The idea of stochastic domination is very important to economics. For example, if we wanted to compare two lotteries $X$ and $Y$, we would choose the one that dominates the other. 

\begin{proof}[Convergence of Markov Chains]
	$X_0 = x, X_1, X_2, \dots$. Let $Y_0, Y_1, \dots$ be a markov chain on $S$ with probability transition matrix $P$ (same as for $\{X_i\}$), and $Y_0 \sim \Pi$ with $\{X_n\}, \{Y_n\}$ independent.\\
	
	Therefore, $Y_n \sim \Pi$ $\forall n \geq 0$. Now I will couple $\{X_n\}, \{Y_n\}$. Let $T = \min \{n \geq 0 \mid X_n = Y_n\}$, 
	
	\[Z_n = 
	\begin{cases}
		X_n & n < T\\
		Y_n & n \geq T
	\end{cases}
	\]
	
	We claim that $\{Z_n\}$ is a Markov Chain on $S$ with $Z_0 = x$ and probability transition matrix $P$. Therefore, $(\{Z_n\}, \{Y_n\})$ is a coupling.\\
	
	\begin{align*}
	&\prob{X_n = a}\\
	=& \prob{Z_n = a}\\
	=& \prob{Z_n = a \mid T > n} \cdot (1- \prob{T \leq n}) + \prob{Z_n = a \mid T \leq n} \cdot \prob{T \leq n}\\
	=& \Pi(a) \cdot (1 - \prob{T > n}) + \prob{Z_n = a \mid T > n} \cdot \prob{T > n}
	\end{align*}
	so
	\begin{align*}
	&\prob(X_n = a) - \Pi(a) = \prob{T > n}(\prob{Z_n = a \mid T > n} - \Pi(a))\\
	&|\prob{X_n = a} - \Pi(a)| = \prob{T > n}|\prob{Z_n = a \mid T > n} - \Pi(a)| \leq \prob{T > n}
	\end{align*}
	
	For all $a \in S$. Assume that $\delta = \min_{x', y'} P_{x'y'} > 0$. Then
	
	\begin{align*}
	&\prob(T > l + 1 \mid T > l)\\
	\leq& \max_{x', y', x' \neq y'} \prob{X_{l + y} \neq Y_{l + 1} \mid X_{l} = x', Y_{l} = y'}\\
	=& 1 -\min_{x', y', x' \neq y'} \prob{X_{l + 1} = Y_{l + 1} \mid X_l = x', Y_l = y'}\\
	\leq& 1 - \min_{x', y', x' \neq y'} \prob{X_{l + 1} = Y_{l + 1} = x' \mid X_l = x', Y_l = y'}\\
	\leq& 1 - \min_{x', y', x' \neq y'} P_{x'x'} P_{y'x'}\\
	\leq& 1 - \delta^2
	\end{align*}
	
	Therefore, $\prob{T > l} \leq (1-\delta^2)^l$. This shows that eventually $X_n$ and $Y_n$ will meet, and after that point $Z_n$ is stationary.\\
	
	Ergodicity implies that $\exists M < \infty$ such that $(P^M)_{x', y'} > 0$ for all $x', y' \in S$. That is, there is a path between any two states.
\end{proof}

\section{11/8/2018}

What is the probability that I could end up in a given irreducible component?\\

We can compute via first step analysis $X_0, X_1, X_2, \dots$. $T:= \min\{n \geq 0 \mid X_n \text{ is an essential state (first time in an irreducible component)}\}$. $f_i(x) = \prob(X_T \text{ in component } C_i \mid X_0 = x)$. Obviously $f_i(x) = 1$ if $x$ is in $C_i$, and $0$ if $x$ is in an irreducible component other than $C_i$.\\

To define $f_i(x)$ for other parts of the graph, we can compute $f_i(x)$ by looking at possible single steps starting at $x$, then define the function inductively.

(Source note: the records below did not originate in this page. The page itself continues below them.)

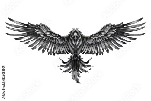 © Nikola Step, Obraz premium Majestic Raven in Flight - Powerful Graphic Design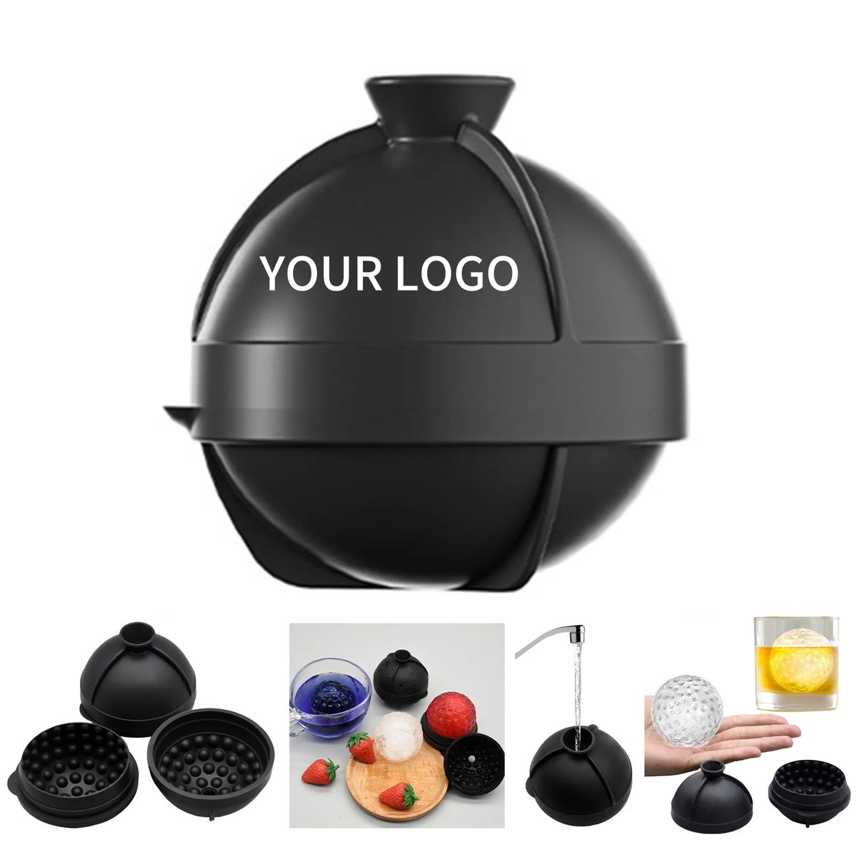 This ice mold is made of silicone, with dimensions of 2.8 inches in length, 2.8 inches in width, and 2.9 inches in height. It features a built-in funnel and non-stick surface. Used for creating golf ball-shaped ice for whiskey or cocktails. Supports silkscreen printing on the front. Contact us for more details.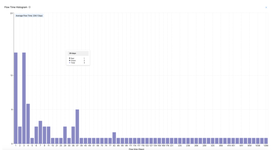 The histogram aggregates this data and groups work items by their flow time for easy visualization.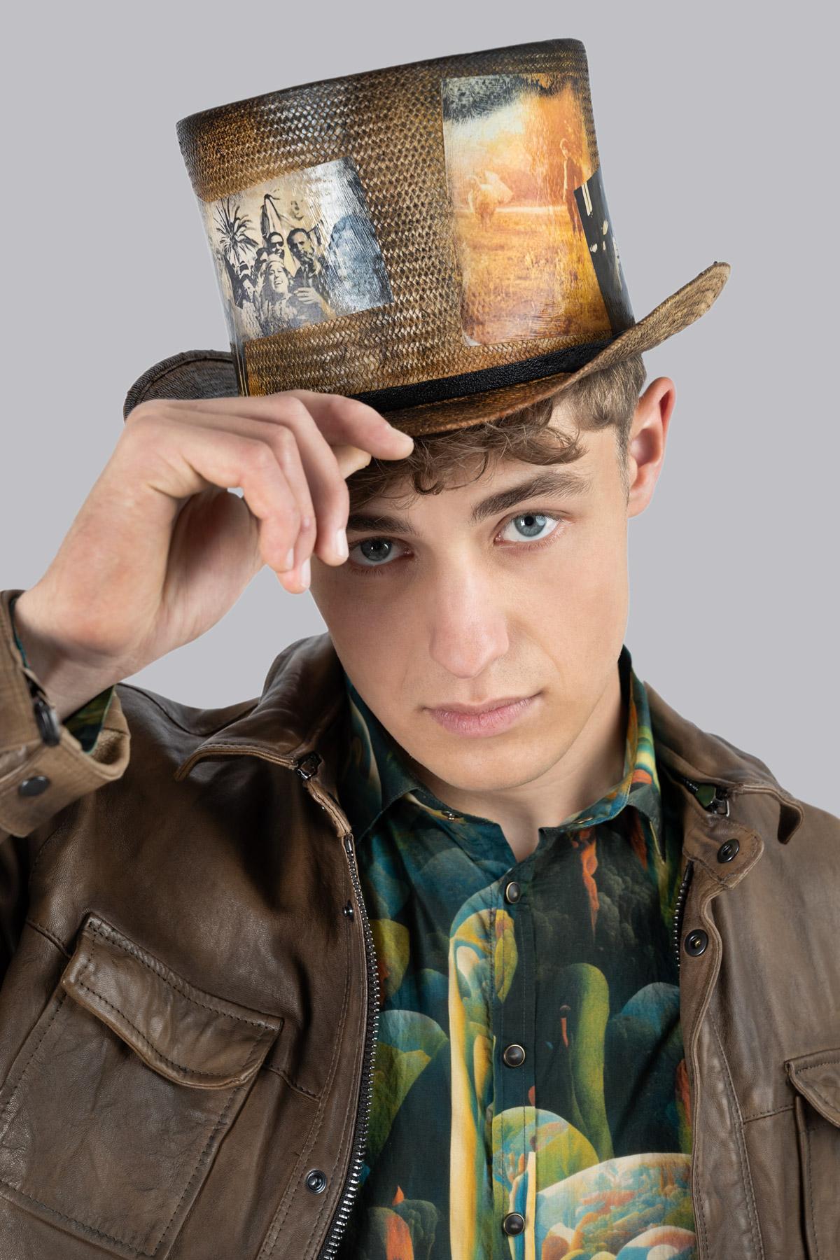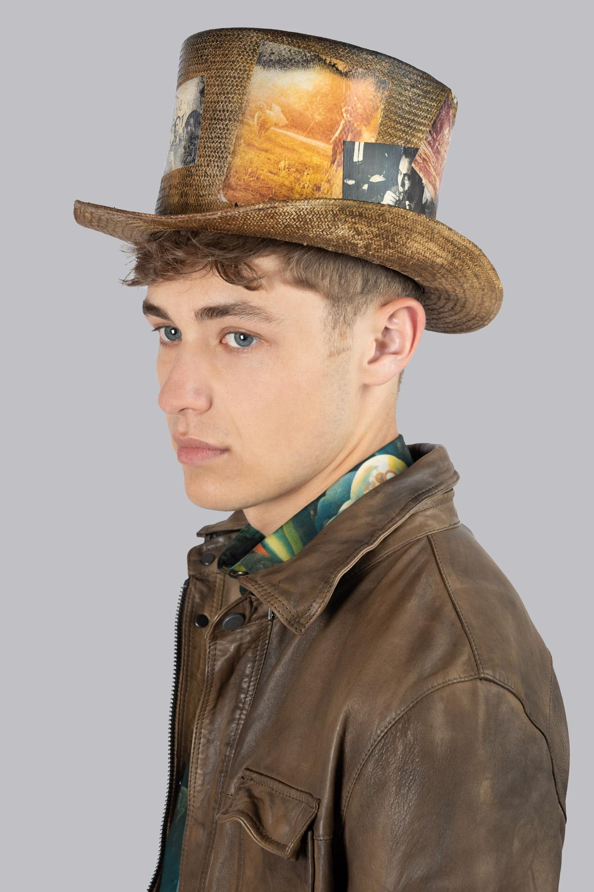 Buffered straw top hat, embellished with vintage photo. Leather insert.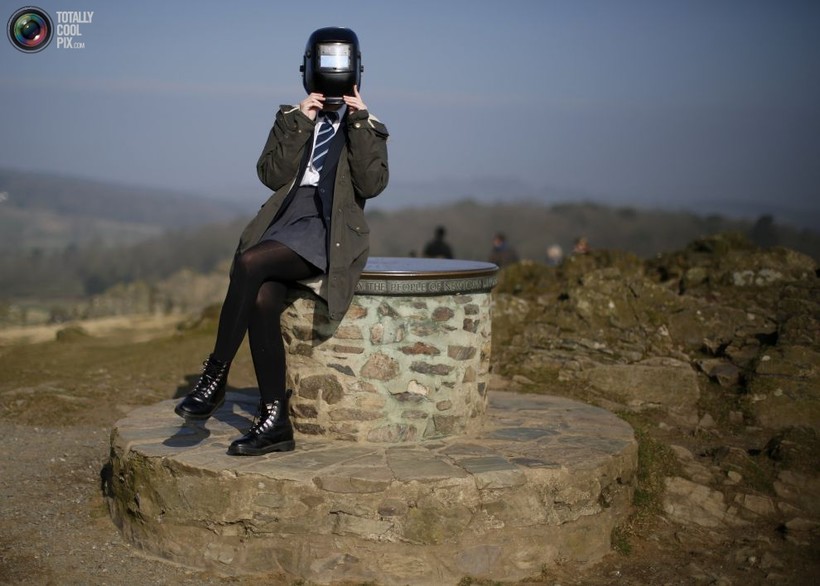 Девушка использует сварочную маску, чтобы наблюдать частичное солнечное затмение в Ньютаун-Линфорд, Англия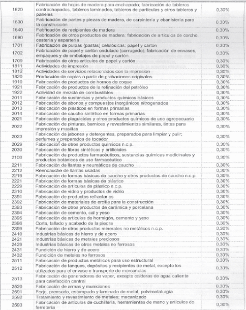 <Tabla modificada por el artículo 1 del Decreto 14 de 2014. Consultar nueva tabla directamente en el Decreto 14 de 2014.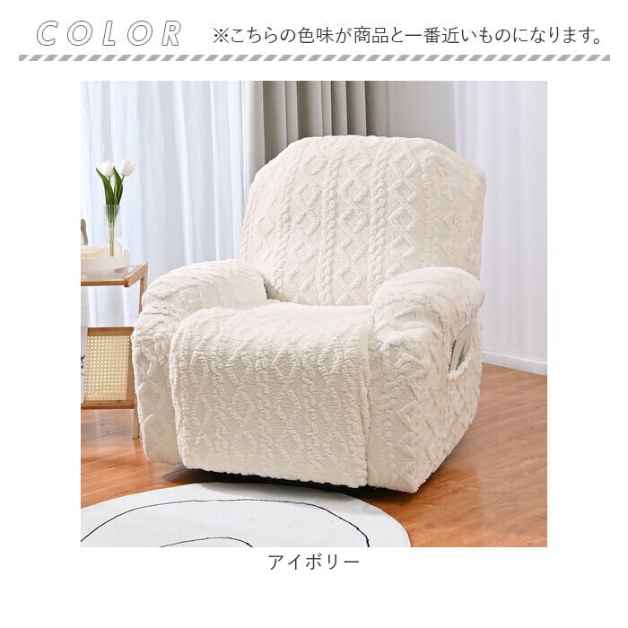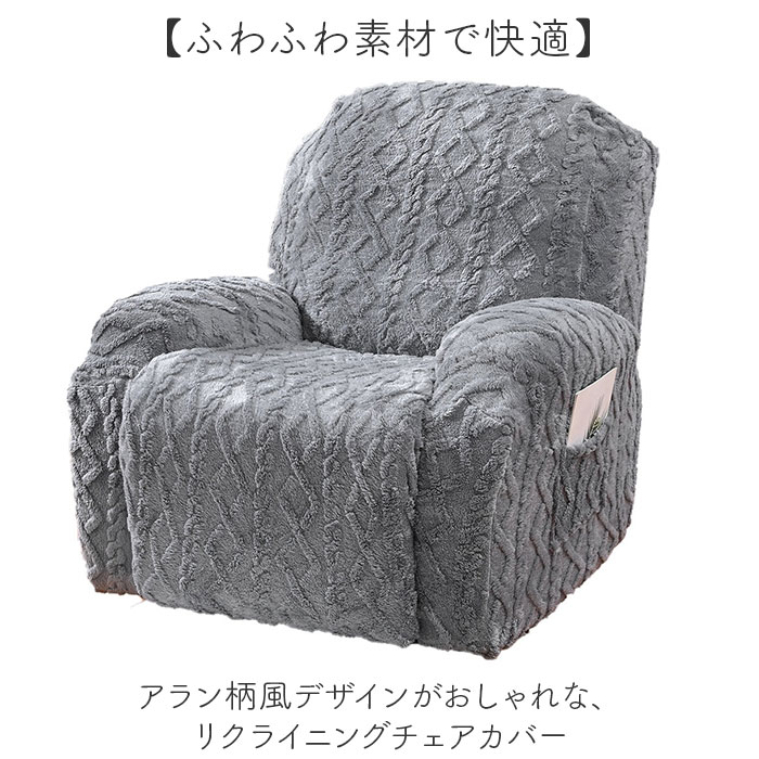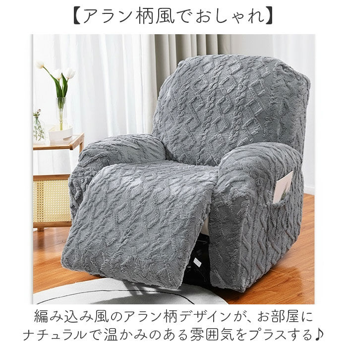 | 商品説明 | 【ふわふわ素材で快適】アラン柄風デザインがおしゃれな、リクライニングチェアカバー【4つに分かれて装着簡単】背もたれ、座面、肘掛け2つの4パーツ構成だから、取り付けも取り外しもスムーズな便利設計◎【ふわふわの心地よさ】柔らかくふわふわとした素材で、座り心地をグッと快適にしてくれるリラックスタイムの必需品。【便利なポケット付き】リモコンやスマホをサッと収納できるポケットが付いているから、くつろぎ時間がもっと便利に〇【アラン柄風でおしゃれ】編み込み風のアラン柄デザインが、お部屋にナチュラルで温かみのある雰囲気をプラスする♪【伸縮性のある生地】ほどよく伸びるから、チェアにぴったりフィットして美しく仕上がる! |
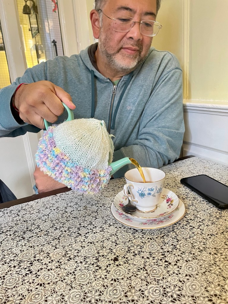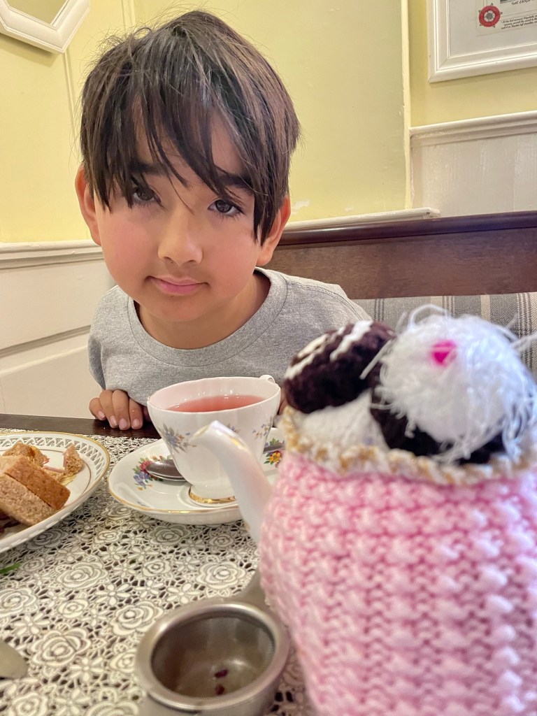 There are many tea houses in the UK. Some are more modern. Some are themed. I love the traditional, cozy vintage shops. The Tudor Rose was traditional, vintage and cozy. They had a kids tea as well, though Bodhi wasn’t sure about the savory sandwiches. It didn’t matter; Ira finished them for him. There is beautiful garden in the back, too, but it was a little chilly for us this particular day. This was the traditional tea experience we were looking for—a “proper” English experience with deliciously crafted food and warming English tea and cream. The tea cozy that covered pot really touched my crocheted little heart. I think I need to start making tea in a pot just so I can make a cozy for it.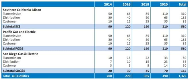 The California Public Utilities Commission is proposing to set the following electricity storage targets in megawatt amounts. Individual targets are set for each utility. Targets will have to be met starting in 2014. The targets will ramp up every two years.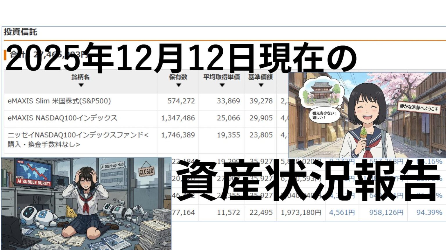 2025年12月12日現在の資産運用状況についてご報告するとともに、今週のマーケットや注目の経済指標の動向について振り返ります。

\begin{theorem}[Convergence of Markov Chains]
Let $S$ be a finite state space. $X_0, X_1, \dots$ an $S$-valued irreducible Markov Chain with period $k$. Then $\frac{1}{k}\{\mathcal{L}(X_n) + \mathcal{L}(X_{n+1}) + \dots + \mathcal{L}(X_{n + k - 1})\} \to \pi$ as $n \to \infty$ where $\pi$ is the unique stationary distribution.
\end{theorem}

\begin{theorem}[Ergodic Theorem for Markov Chains]
Let $S$ be a finite state space. Let $X_0, X_1, \dots$ be an $S$-valued irreducible Markov chain. Let $f: S \to \R$. Then
\[\lim_{n \to \infty} \frac{1}{n}\sum_{k=1}^n f(X_k) = \sum_{x \in S} f(x) \pi(x)\]
almost surely. 
\end{theorem}

\begin{remark}[Ergodic Principle]
	Time-averages are like space-averages.
\end{remark}

Special Case:\\

$f(x) = \mathbbm{1}_{x = x_0}$ where $x_0 \in S$. $N_n(x) := \sum_{k = 1}^n \mathbbm{1}_{X_k = x}$. Ergodic theorem: $\frac{N_n(x_0}{n} \to \pi(x_0)$ as $n \to \infty$.\\

That is, fraction of time spent at $x_0$ converges to the stationary probability of $x_0$.\\

Observation: It is enough to prove theorem for such functions, since every function is a linear combination of such functions.\\

\begin{remark}
	The Ergodic theorem is basically the law of large numbers for Markov chains.
\end{remark}

\begin{proof}
	One approach (sketch):\\
	$\Var(\frac{1}{n} \sum_{k=1}^n \mathbbm{1}_{X_k = x_0}) = \frac{1}{n^2} \sum_{i, j = 1}^n Cov(\mathbbm{1}_{X_i = x_0} \mathbbm{1}_{X_j = x_0}) \leq$ exercise... $\leq \frac{1}{n^2} C n = \frac{C}{n}$. This process converges in probability.
\end{proof}

\section{11/15/2018}

\subsection{Martingales}

\begin{definition}[Martingales]
	A martingale is a stochastic process with the property that in expectation, it does not change. That is
	
	\[\expect{X_{n + 1} \mid \mathcal{F}_n} = X_n\]
\end{definition}

In this class we will

\begin{enumerate}
	\item Define conditional expectation.
	\item Introduce martingales.
	\item Study their properties.
\end{enumerate}

\subsection{Conditional Expectation in Simple Discrete Setting}

Suppose $X, Y$ are discrete random variables on $(\Omega, \mathcal{F}, \mathbb{P})$.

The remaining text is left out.